What are green street practices?

Green street practices are select green infrastructure elements, such as bioswales, rain gardens, and permeable pavement, that can be incorporated into a traditional street design to create a "Green Street". Green street practices capture, retain, treat, and/or infiltrate stormwater runoff from impervious surfaces such as roadways, parking lots, sidewalks, and rooftops.

How do green street practices protect water quality?

The Issue - Stormwater Runoff

Stormwater runoff is one of the largest sources of water pollution in urban and suburban areas and presents many environmental, social, and economic challenges to communities across the nation. Rainwater that runs off impervious surfaces, such as roadways, rooftops, and parking lots, collects pollutants like oil and grease, animal waste, metals, trash, sediment, and nutrients.  Ultimately, the contaminated stormwater runoff is discharged into local waterbodies, directly impacting the water quality of local water bodies. 

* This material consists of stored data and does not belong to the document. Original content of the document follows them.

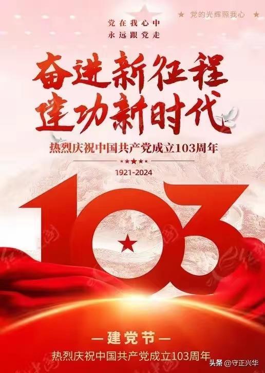 一把普通的鐮刀和鐵錘,有了深刻的命題:收割了華夏黎明的希冀;鍛打了中華民族自強不息的脊樑,鑄造了共和國的燦爛輝煌。一面血染的黨旗,撕破了昨天的黑暗,啓盼來希望的晨曦,迎來了黎明的曙光,創造了輝煌的明天。偉大的黨,你是一部豐厚的中國史書長卷,記載了中國共產黨103週年光輝的戰鬥歷程,銘刻着永恆的豐碑。你代表着一個國家、一個民族所擁有具備的一種百折不撓的毅力、堅韌不拔的精神、強大的力量,不可戰勝的偉岸身軀。你支撐着整個中華民族的巍峨大廈。你是黨的象徵,在前進路上導航;你是一輪朝陽,光芒萬丈、旭日東昇!你追求真理給人民帶來希望;你的偉大信仰目標,激勵着九千萬黨的英雄兒女們萬衆一心,披荊斬棘,奔騰向前!
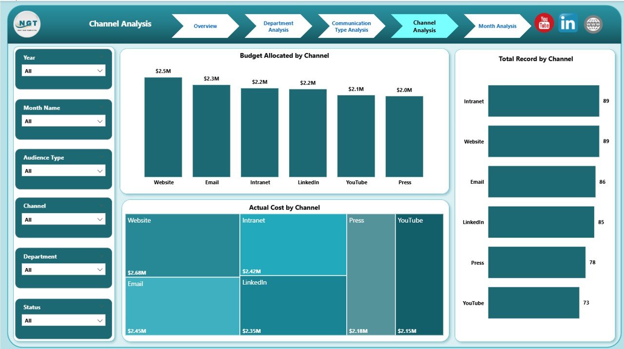 Filter by Month, Department, Channel, Audience Type, and Communication Type instantly.
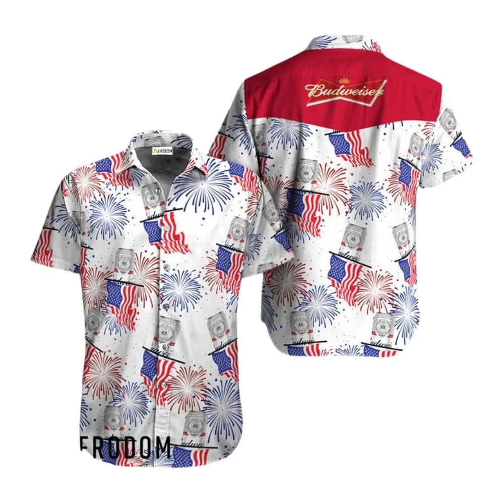 Budweiser American Flag Fireworks Hawaiian Shirt 5
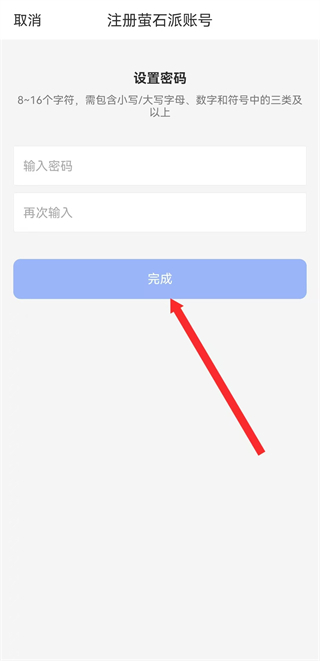 4、進(jìn)入設(shè)置密碼頁面,設(shè)置密碼后點(diǎn)擊完成,完成注冊(cè)操作。

Along with pollution concerns, impervious surfaces may lead to increased flooding.  More frequent and intense rain events in highly impervious areas can overwhelm stormwater collection systems leading to recurrent localized flooding.  Flooding can have significant economic impacts on communities due to loss of property and damage to critical infrastructure such as utilities, roads, and bridges.  An increase in the volume of water discharging into streams and rivers leads to stream bank erosion, sedimentation, and loss of stream stability.  For more information on how to manage your community's flood risk, please visit our Green Infrastructure Manage Flood Risk webpage.  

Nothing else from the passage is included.